Open Access Research Article

The Combined Value of Faecal Haemoglobin and Calprotectin in Diagnosis of Colorectal Cancer in Symptomatic Patients Referred to Colonoscopy

Vincy Eklöf1, David Lundgren2, Pontus Karling2, Maria L Wikberg1, Sofia Edin1, Anna Löfgren-Burström1, Jörgen Rutegård3 and Richard Palmqvist1*

1Department of Medical Biosciences/Pathology, Umeå University, Sweden

2Department of Public Health and Clinical Medicine, Umeå University, Sweden

3Department of Surgical and Perioperative Sciences, Umeå University, Sweden

Corresponding Author

Received Date: September 12, 2019;  Published Date: September 17, 2019

Abstract

Aim: To investigate the diagnostic value of a combined analyses of faecal immunological haemoglobin (FIT) and faecal calprotectin (FC) in detection of colorectal cancer (CRC).
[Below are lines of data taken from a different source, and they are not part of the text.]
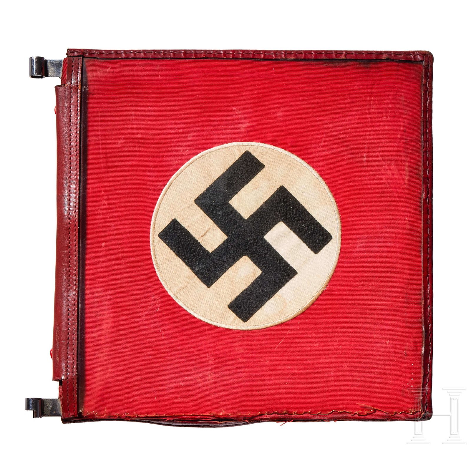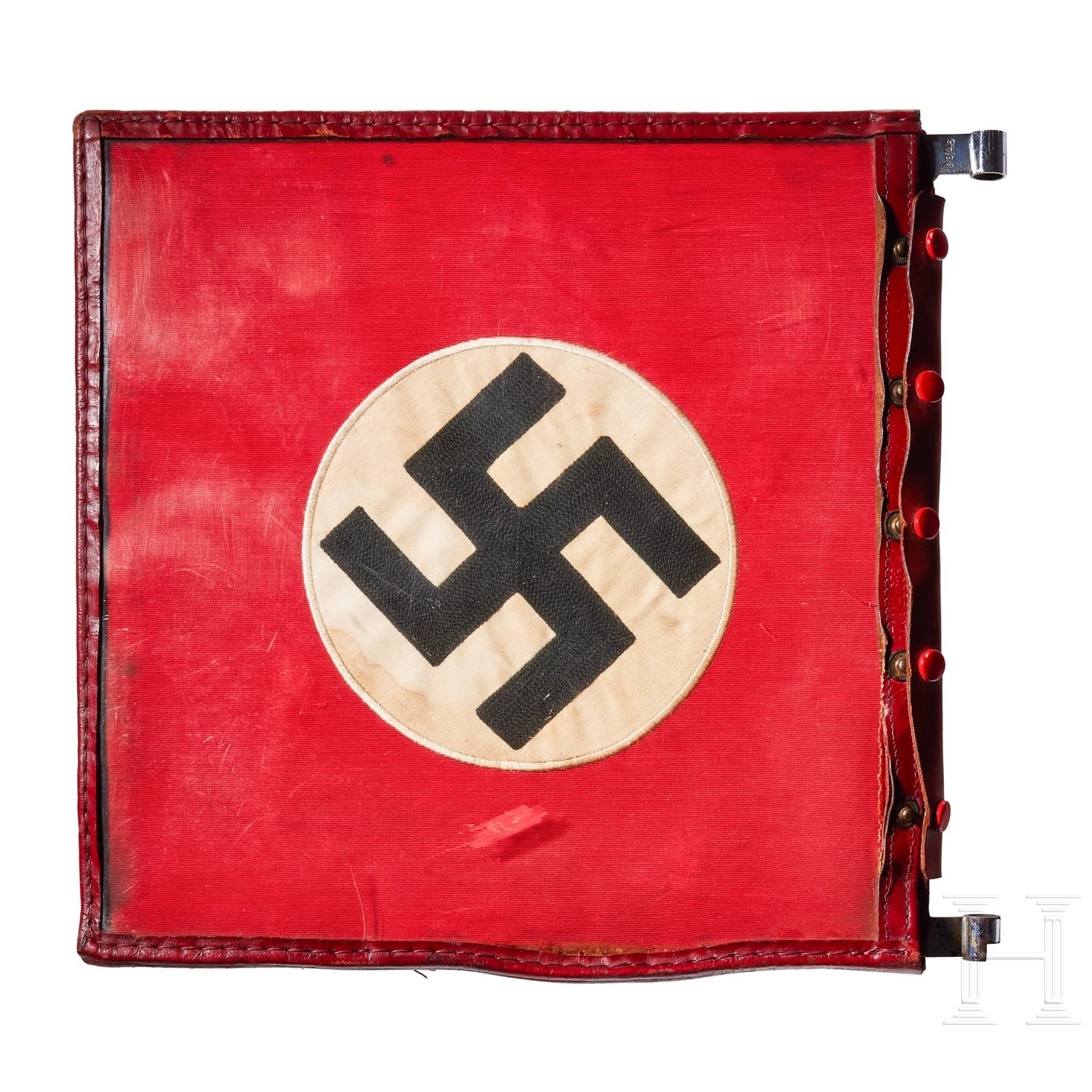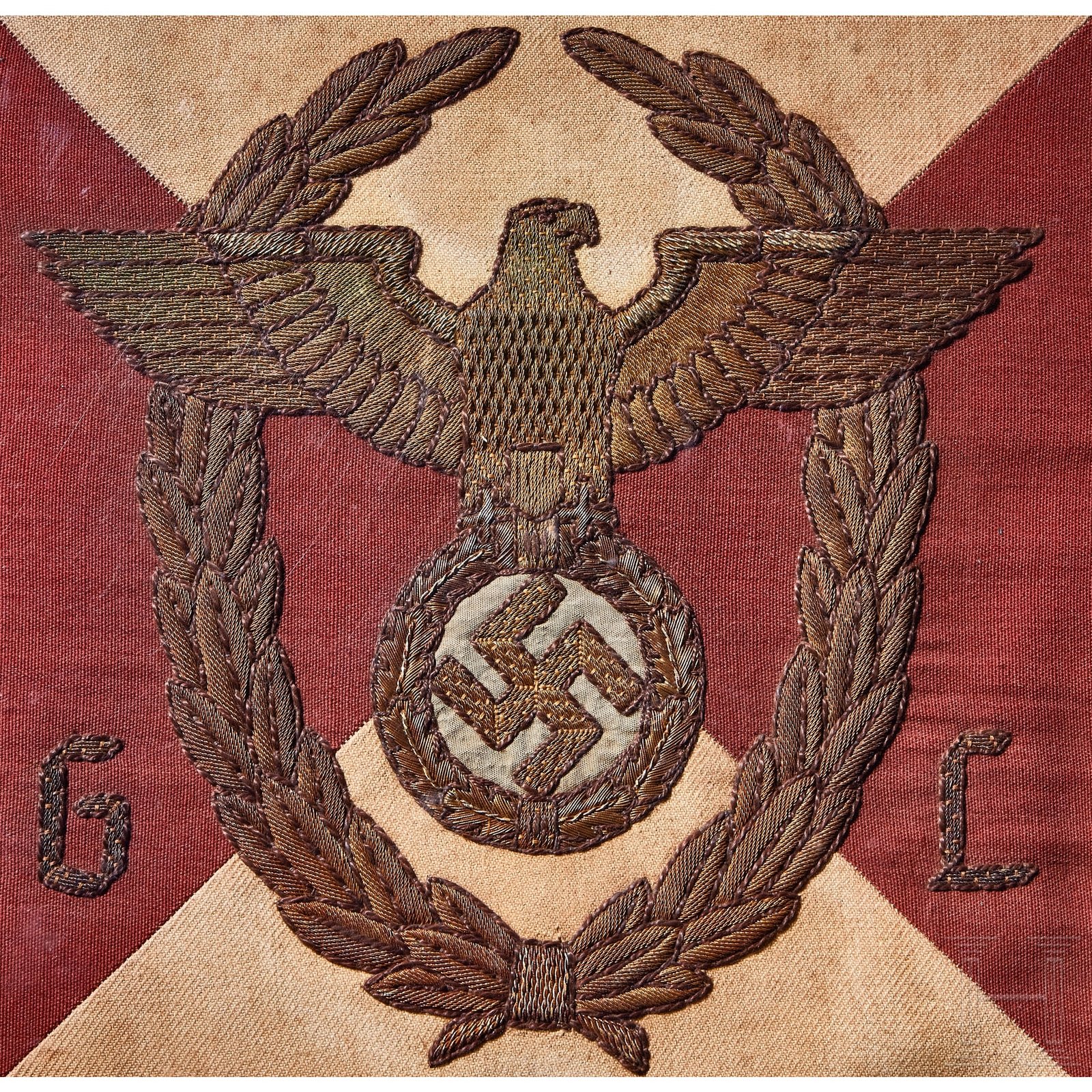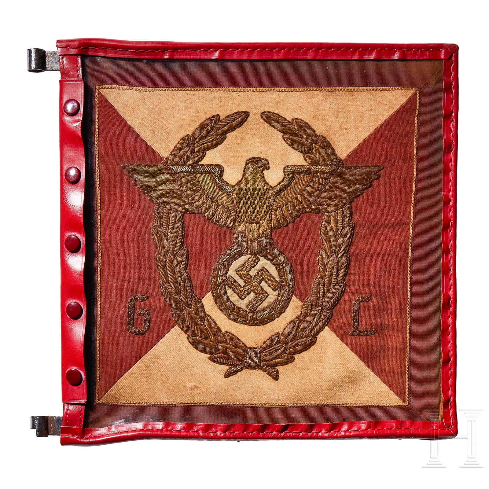Two-sided, multi-piece construction of triangular red and white sections, bordered in dark red. A hand-embroidered gold wire eagle and full wreath flanked by the letters “G“ and “L“. Two-sided red ribbed fabric with chain-stitch embroidered swastika at center. Both on original metal frame with clear foul weather protective cover, trimmed in red leather with five-button snap closure and two nickel-silver sleeves for attachment to pole, marked RZM and “3/45“. Some damage to plastic at bottom edges. Flags have moderate soiling and metal frames have worn through fabric on bottom. Size of each Approx. 30 x 30 cm.
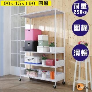 【BuyJM】洞洞板90x45x190cm耐重四層附輪置物架+3組圍欄
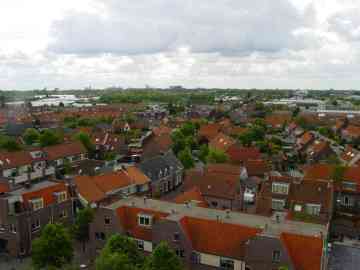 Zicht op het dorp vanuit het zuidwesten met op de achtergrond de Oude Rijn en he
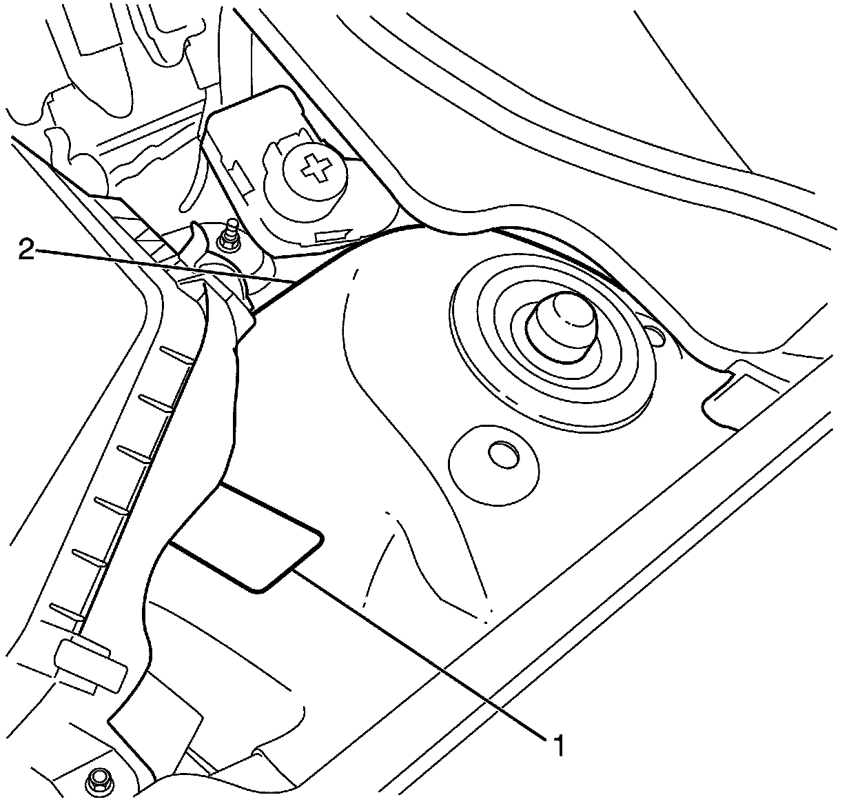 The body and option identification plate (1) is located on the left strut tower (2) and contains the following information:
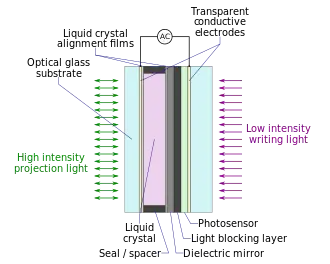The Hughes liquid crystal light valve (LCLV) was designed to modulate a high-intensity light beam using a weaker light source, conceptually similar to how an amplifier increases the amplitude of an electrical signal, and named after the common name for the triode vacuum tube.[1] A high-resolution, low-intensity light source (typically a CRT) was used to "write" an image in the CdS photosensor layer; transparent indium tin oxide electrodes are driven by an alternating current source to transfer that image to the liquid crystal layer. A light-blocking layer prevents the low-intensity writing light from shining through the device. On the other side, a high-intensity projection light source reflects selectively from the dielectric mirror based on the liquid crystal being controlled by the photosensor. The dielectric mirror is formed by sputtering layers of TiO
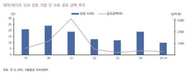 국내 제약·바이오 기업들의 신규 상장 건수는 2023년 12건으로 가장 낮았고, 2024년 19건, 올해 상반기 10건을 기록했다. 공모 금액으로는 2023년 연간을 넘어선 수준이다.
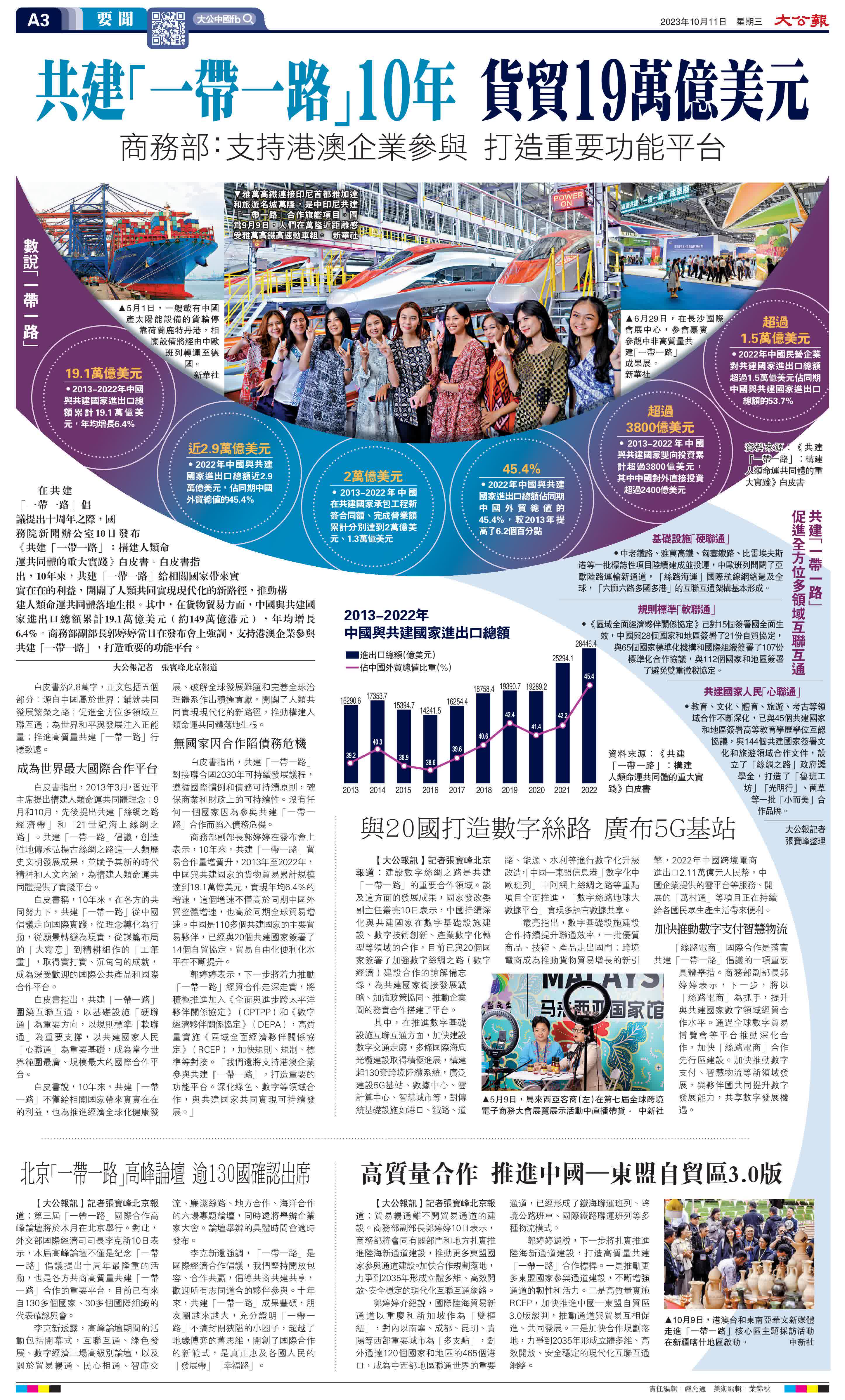 (大公報 記者 張寶峰)在共建「一帶一路」倡議提出十周年之際,國務院新聞辦公室10日發布《共建「一帶一路」:構建人類命運共同體的重大實踐》白皮書。白皮書指出,10年來,共建「一帶一路」給相關國家帶來實實在在的利益,開闢了人類共同實現現代化的新路徑,推動構建人類命運共同體落地生根。其中,在貨物貿易方面,中國與共建國家進出口總額累計19.1萬億美元(約149萬億港元),年均增長6.4%。商務部副部長郭婷婷當日在發布會上強調,支持港澳企業參與共建「一帶一路」,打造重要的功能平台。
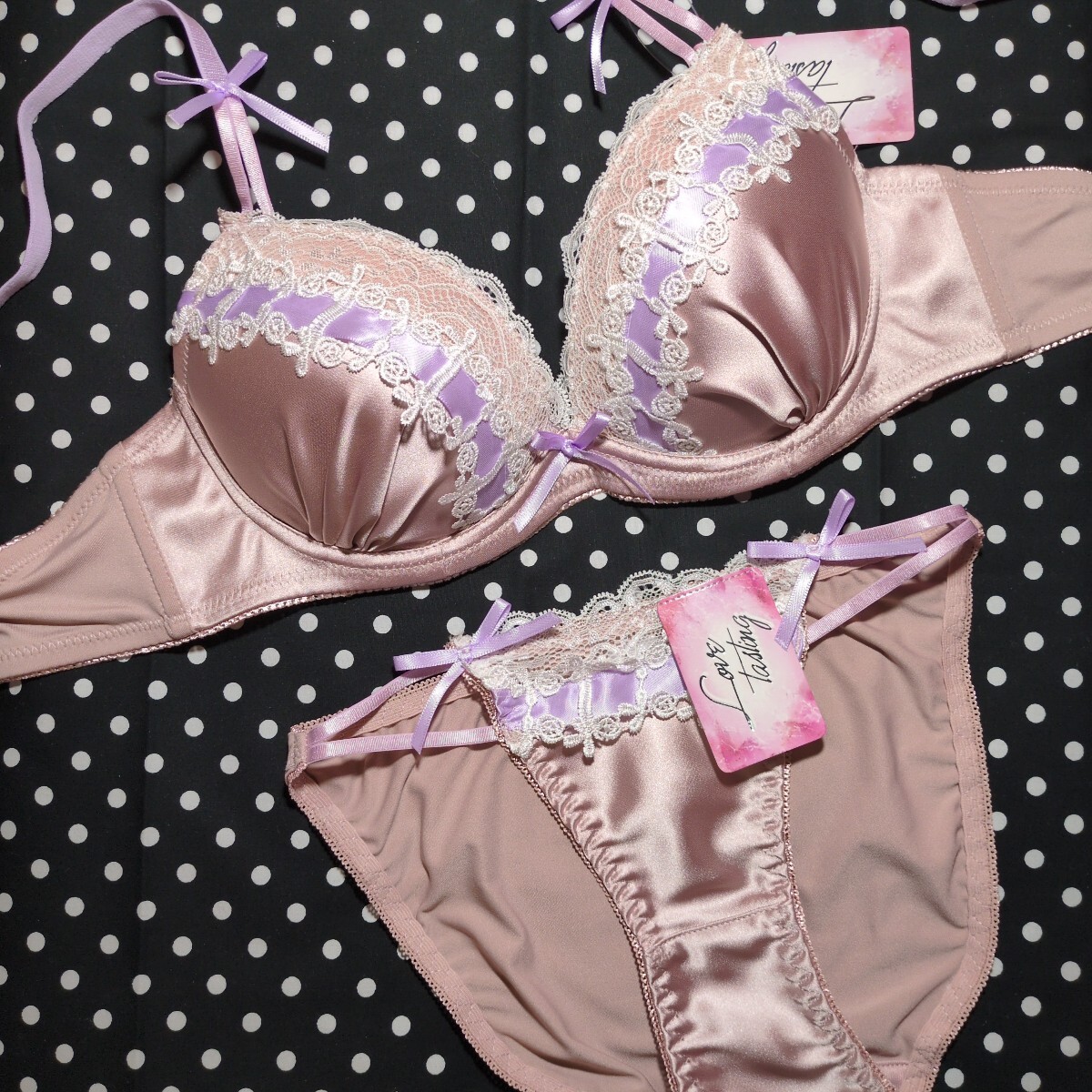 > D70☆М 艶々サテン ブラ☆Wストリングパンティ レースモチーフ&パープルサテンリボン コーラルピンク 訳あり
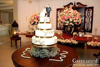 Dica importante 2: Caso você escolha esse estilo mais clássico, certifique-se que seu bolo ou maquete seja mais alto ou da mesma altura que os arranjos de flores, assim o seu bolo não irá sumir entre os arranjos como na foto abaixo.

Methods: Out-patients (n=1440) referred to the endoscopy unit were analysed for FIT and FC in stool samples collected before the colonoscopy bowel preparation. The samples were collected from one defecation by the patients at home. Patients with IBD were excluded leaving stool samples from 1133 patients for further analyses. FIT was analysed using the immunological Analyse F.O.B Test and FC was analysed using the CALPRO® Calprotectin Elisa Test. Sensitivity and specificity to detect CRC was calculated for the individual tests, as well as for combined FIT/FC tests.

Results: Out of the included patients, 38 were diagnosed with CRC, 9 with high grade dysplasia (HGD), and 133 with low grade dysplasia (LGD). FIT was analysed in 673 (59.4%), FC in 1021 (90.1%) and both FIT and FC in 561 (49.5%) patients. A ROC curve analysis showed that the most accurate cut-off level for FC in detecting CRC in our study was 105.5 μg/g. The sensitivity for CRC when using FIT, FC (cut-off > 100 μg/g) and the combination of FIT and FC (at least one positive test) was 65.5%, 74.1% and 94.4%, respectively. The corresponding specificity was 84.8%, 74.9% and 68.3%, respectively.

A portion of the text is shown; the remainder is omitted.